PORTUGUESE-STYLE SHRIMP IN GARLIC RECIPE - (3.8/5)
Provided by bns0607
Number Of Ingredients 6
Steps:
- Peel the shrimp and marinate them with the salt, parsley and lime juice for a few minutes. Meanwhile, mash or chop the garlic. Cover the bottom of a deep fry pan with olive oil and heat over medium high heat. Add the garlic and cook just until tender-about 1 minute-being careful not to burn it. Add the shrimp and cook, stirring constantly, for approximately 10 minutes or until cooked through. Serve with lots of French bread for dipping into the sauce.
Tips:
- Use fresh shrimp: Fresh shrimp have a sweeter, more delicate flavor than frozen shrimp. If you're using frozen shrimp, thaw them thoroughly before cooking.

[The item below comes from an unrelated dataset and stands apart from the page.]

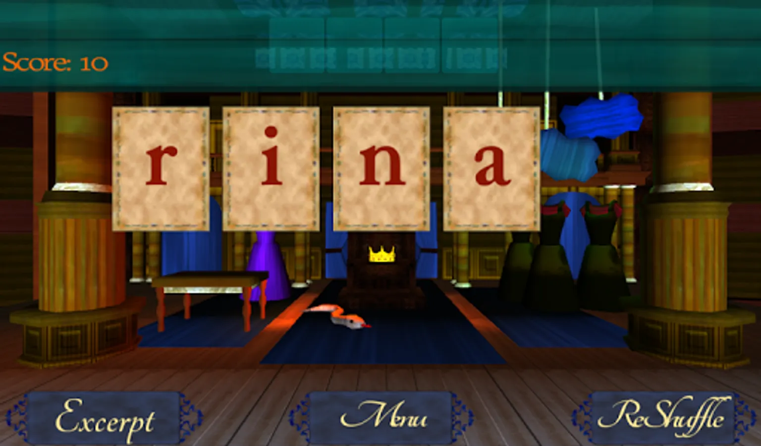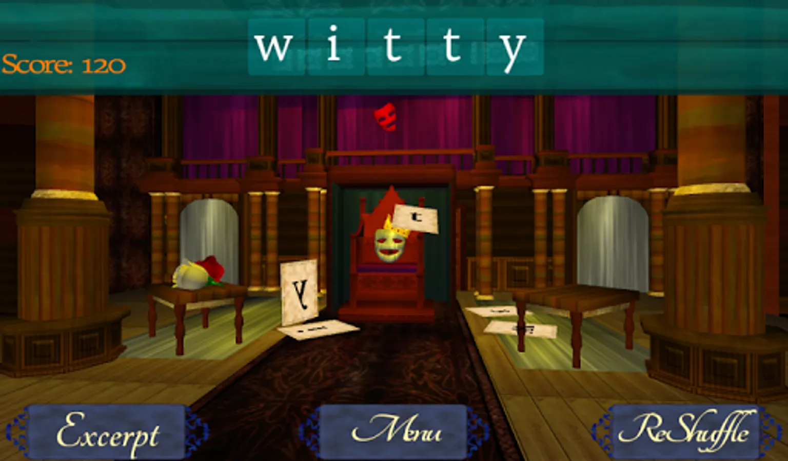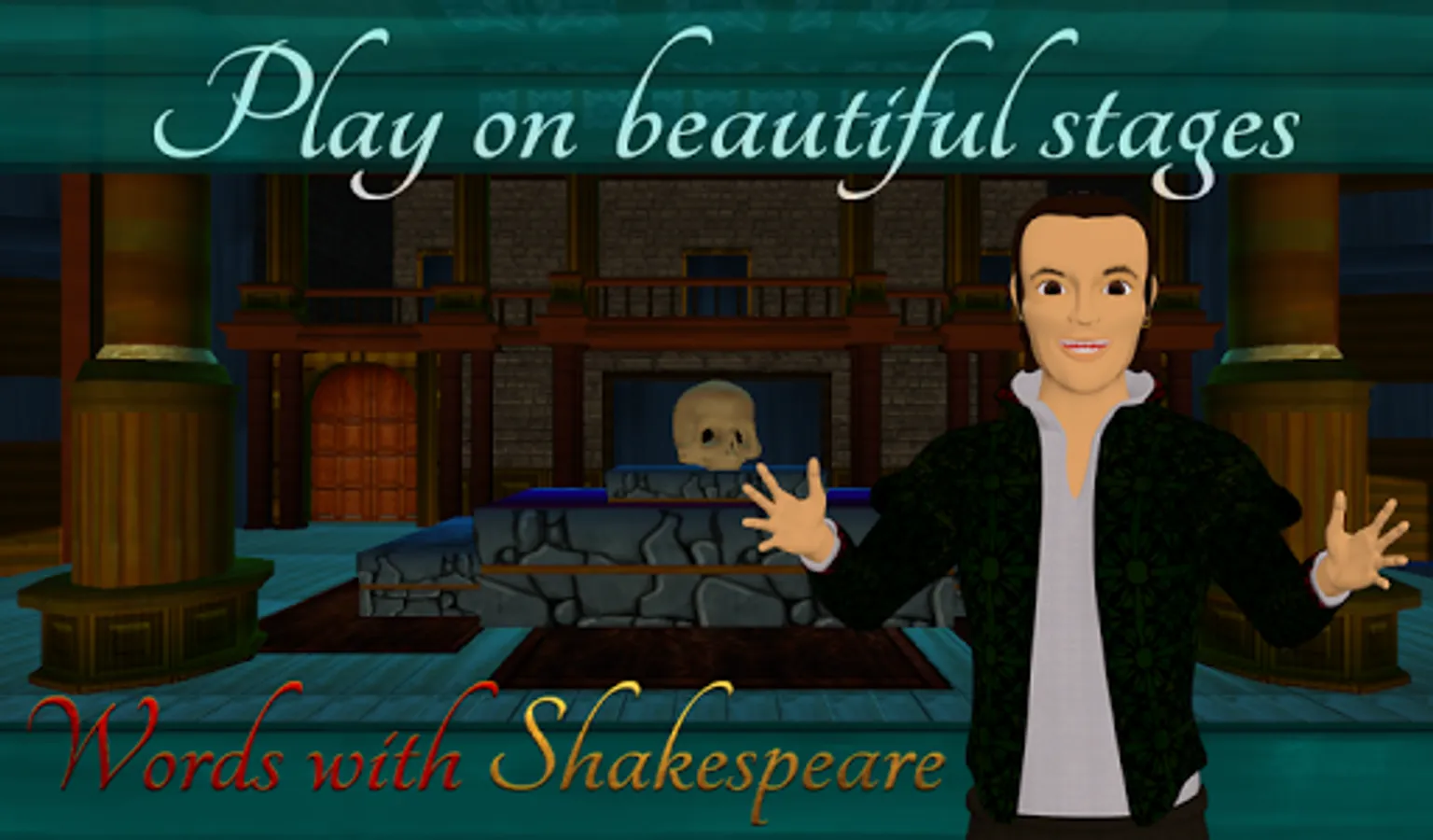 In Shakespeare Words you fill in missing words from William Shakespeare's plays by tapping letters, on different theater stages.

- Clean the shrimp properly: Remove the heads, shells, and devein the shrimp. This will help to remove any grit or sand from the shrimp.
- Don't overcook the shrimp: Shrimp cook quickly, so it's important not to overcook them. Overcooked shrimp will be tough and rubbery.
- Use a variety of cooking methods: Shrimp can be cooked in a variety of ways, including boiling, steaming, grilling, frying, and sautéing. Experiment with different cooking methods to find the one you like best.
- Season the shrimp well: Shrimp has a mild flavor, so it's important to season it well. Use a variety of spices and herbs to create a flavorful dish.
- Serve the shrimp with a variety of dipping sauces: Shrimp can be served with a variety of dipping sauces, such as cocktail sauce, tartar sauce, or remoulade.
Conclusion:
Shrimp is a versatile and delicious seafood that can be cooked in a variety of ways. With its mild flavor and delicate texture, shrimp is a great choice for a variety of dishes, from appetizers to main courses. Whether you're looking for a quick and easy weeknight meal or a special occasion dish, shrimp is sure to please everyone at the table.